PMCID: PMC3259432 PMID: 22088845

Abstract

Summary: TREAT (Targeted RE-sequencing Annotation Tool) is a tool for facile navigation and mining of the variants from both targeted resequencing and whole exome sequencing. It provides a rich integration of publicly available as well as in-house developed annotations and visualizations for variants, variant-hosting genes and host-gene pathways.

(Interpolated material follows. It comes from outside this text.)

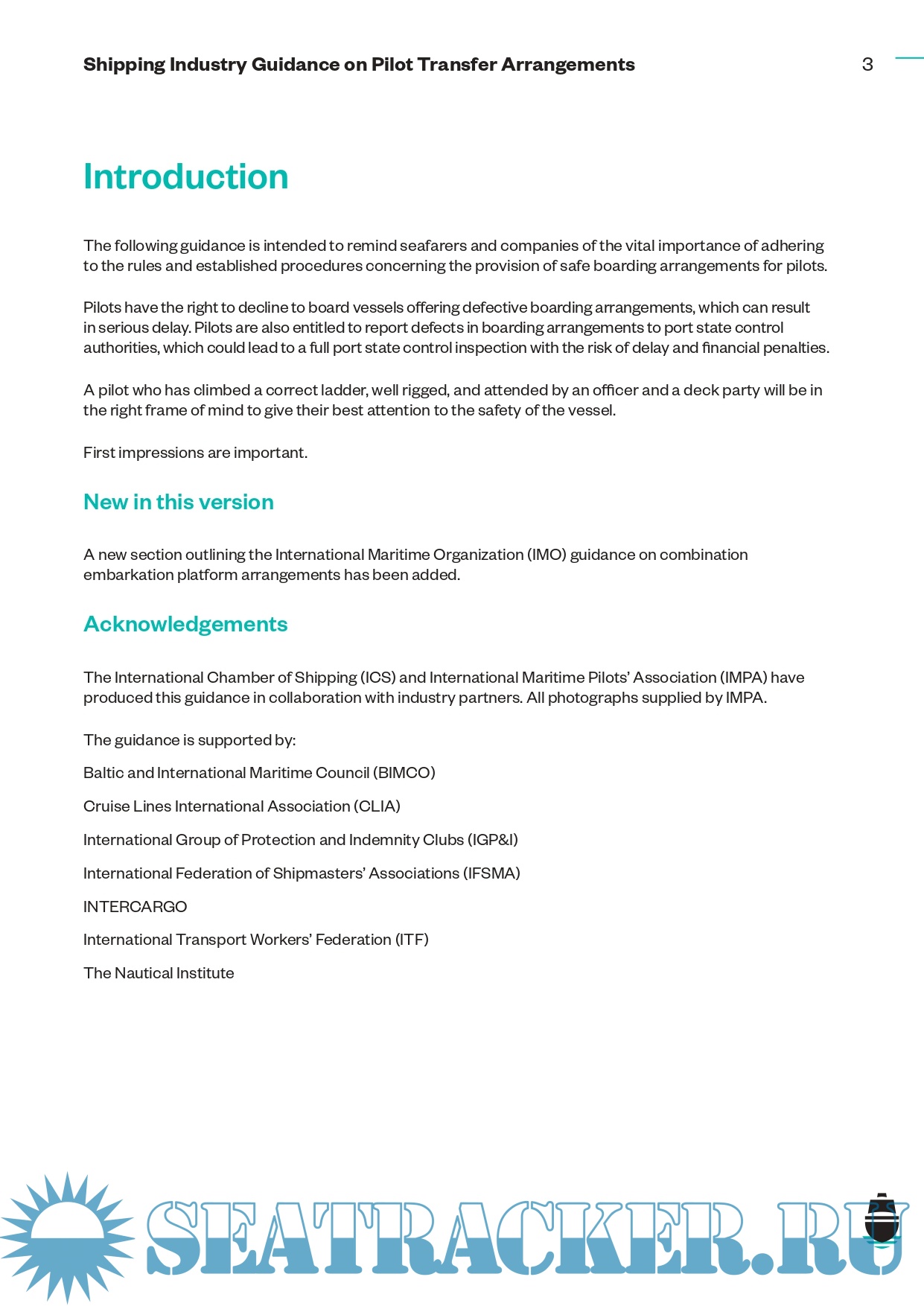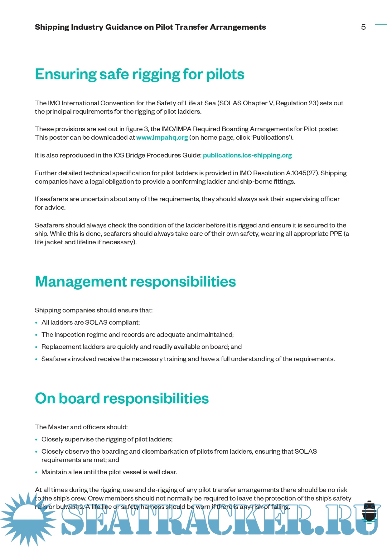Year: 2022 Language: english Author: INTERNATIONAL CHAMBER OF SHIPPING (ICS) Genre: Руководство Format: PDF Quality: eBook Number of pages: 6 Description: Pilots have the right to decline to board vessels offering defective boarding arrangements, which can result in serious delay. Pilots are also entitled to report defects in boarding arrangements to port state control authorities, which could lead to a full port state control inspection with the risk of delay and financial penalties. A pilot who has climbed a correct ladder, well rigged, and attended by an officer and a deck party will be in the right frame of mind to give their best attention to the safety of the vessel.

Availability and implementation: TREAT is freely available to non-commercial users as either a stand-alone annotation and visualization tool, or as a comprehensive workflow integrating sequencing alignment and variant calling. The executables, instructions and the Amazon Cloud Images of TREAT can be downloaded at the website: http://ndc.mayo.edu/mayo/research/biostat/stand-alone-packages.cfm

Contact: Hossain.Asif@mayo.edu; Kocher.JeanPierre@mayo.edu

Supplementary information: Supplementary data are provided at Bioinformatics online.

1 INTRODUCTION

Next-generation sequencing offers the promise of scientific discovery with the challenge of results interpretation (Schuster, 2008). One experiment such as exome sequencing can generate tens of thousands of single nucleotide variants (SNVs) and small insertions or deletions (INDELs), which must be elucidated in the search for disease associated mutations (Ansorge, 2009; Metzker, 2010). Whole exome sequencing is an application of NGS that has been successfully used to identify disease-associated variants in several monogenic disorders (Gilissen et al., 2010; Lupski et al., 2010; Ng et al., 2009, 2010) and complex diseases (Bonnefond et al., 2010; Harbour et al., 2010). While these studies demonstrated the power of NGS, they also highlighted the challenge of efficiently sifting through thousands of variants to identify a subset that is potentially clinically relevant. Bioinformatics solutions are beginning to be released that address this challenge and facilitate filtering and interpretation of human sequence variation data (Nix et al., 2010; Sana et al., 2011; Shetty et al., 2010; Wang et al., 2010). We developed TREAT to extend the functionality of these tools and directly integrated structured and sortable formats with embedded hyperlinks to sequence alignment, gene specificity and gene pathway visualizations. In addition, to enable broad accessibility, we have fully deployed TREAT to the Amazon Cloud. TREAT is optionally offered as part of a complete workflow for exome or targeted sequencing, providing users with a convenient method for integrated sequence alignment, mutation detection and results interpretation. We believe this tool offers investigators with an accessible and convenient method for annotating and visualizing sequencing data and a means of efficiently identifying variants of interest.

2 METHODS AND RESULTS

2.1 Variant annotation

TREAT provides four categories of variant annotations (Supplementary Figure S1): (i) the general variant annotations which provide the physical locations, and the dbSNP IDs and allele frequencies of known variants from HapMap and 1000 Genome Pilot Project in Caucasian (CEU), Yoruban (YRI) and East Asian (CHB/JPT) populations; (ii) sample-specific read depths supporting A, C, G, T bases at each variant position, and the quality scores for base calls and read mappings. These annotations are only available when the users choose to use TREAT for read alignment and variant calling; (iii) publically available annotations from SIFT (Kumar et al., 2009) and SeattleSeq (http://gvs.gs.washington.edu/SeattleSeqAnnotation/) that include variant classifications (synonymous, missense, non-sense, frame-shift, etc.) and the predictions of the functional impact of the variants from SIFT and PolyPhen2 and (iv) in-house developed novel annotations including the tissue expression specificity measures for variant-hosting genes (detailed in Supplementary Data S2), and the identification of variants adjacent to exon–intron boundaries that potentially disrupt known splice-sites. An additional novel function of TREAT is the hyperlinks of each variant hosting gene to its associated KEGG pathway(s) (http://www.genome.jp/kegg) and Gene Ontology terms (http://www.geneontology.org/).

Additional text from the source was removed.